Between October 2 and October 4, 2018, Kuranz billed 25.2 hours responding to Defendants' motions for summary judgment. Kuranz Decl. Ex. 1. This includes over 18 hours billed on October 4, 2018, which strains credibility. In Plaintiffs' Reply, Kuranz explains that this was due to a "glitch" in the billing software in which hours expended on October 5 were mistakenly billed to October 4. The Court declines to reduce the total hours in this instance.
Between September 11, 2018, and October 31, 2018, Kuranz billed 3.6 hours for preparing a scheduling order. Kuranz Decl. Ex. 1. This is excessive and the Court reduces Kuranz's hours by 2.6.
Concerning the work performed by Arnett, Plaintiffs seek to recover for 262 hours, most of which was spent reviewing the timecards and emails for Plaintiffs to identify "gap times" in their schedules and to calculate unpaid overtime. Kuranz Decl. Many of Arnett's billing entries are for large blocks of time, often between 7 and 8 hours, billed to tasks like "Preparing Hemming Wage Calculation spreadsheet" and "Prepare Hemming Gap & Lunch Accountability Sheet." Kuranz Decl. Ex. 2. Kuranz affirms that the result of Arnett's work would have been used as an exhibit at trial or in support of a dispositive motion. Upon review, the Court is convinced that 262 hours is an excessive amount of time for two interrelated and relatively straightforward wage disputes. See Kardell v. Lane Cnty., Case No. 6:13-cv-736-MC, 2019 WL 3337901, at *5-7 (D. Or. July 25, 2019) (reducing excessive hours claimed in a "garden variety employment discrimination case" in which the issues "were neither complex, nor novel."). The Court therefore reduces Arnett's hours by 25% or 65.5 hours.

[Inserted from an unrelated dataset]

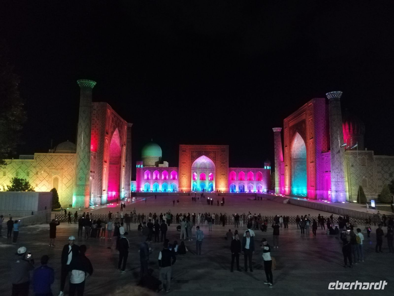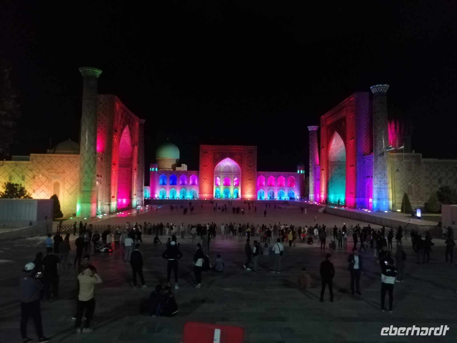 Die kurze Besichtigung des sehr schön beleuchteten Registan-Platzes und anschließende „Mitarbeiter-Besprechung“ mit Cognac in der Hotellobby rundeten den erlebnisreichen Tag in Samarkand ab.
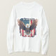 Mostre seu orgulho americano com esta design ousada e patriótica apresentando uma águia careca voando contra um pano de fundo da bandeira americana.

Defendants' objections are otherwise overruled. In total, the Court reduces Kuranz's hours by 7.8 and Arnett's hours by 65.5 for hours that are duplicative, excessive, or otherwise unnecessary. The Court declines to reduce fees based on lack of success.
Once all the exclusions are made, the Court finds that Kuranz reasonably expended 111.6 hours in these two cases at a reasonable hourly rate of $300, for a total attorney fee award of $33,480. All hours expended by Allen-Sailer have been excluded, as they were spent on unsuccessful and unnecessary motions to compel. Arnett reasonably expended 196.5 hours in these two cases at a reasonable hourly rate of $90, for a total paralegal fee award of $17,685. Toso and Montes reasonably expended 25.1 hours at a reasonable hourly rate of $90, for a total legal assistant/law clerk fee award of $2,259.
Plaintiffs are entitled to a total attorney fee award of $53,424 divided between the two cases.
II. Costs
Plaintiffs seek an award of costs pursuant to 28 U.S.C. § 1920 for filing fees and service costs in the two cases. Defendants do not object to Plaintiffs' costs and the Court finds that the costs are appropriately recoverable. The Court therefore awards Plaintiffs' full costs in the amount of $465 in each case for a total award of $930 in costs.
CONCLUSION
Plaintiffs' Motions for Fees and Costs, ECF No. 39 in Wilson v. Decibels et al., 1:17-cv-1558-MC, and ECF No. 41 in Hemming v. Decibels et al., 1:17-cv-1624-MC, are GRANTED in part and DENIED in part. Plaintiffs are awarded $53,424 in attorney and paralegal fees and costs in the amount of $930 divided equally between the two cases.
It is so ORDERED and DATED this 22nd day of November, 2019.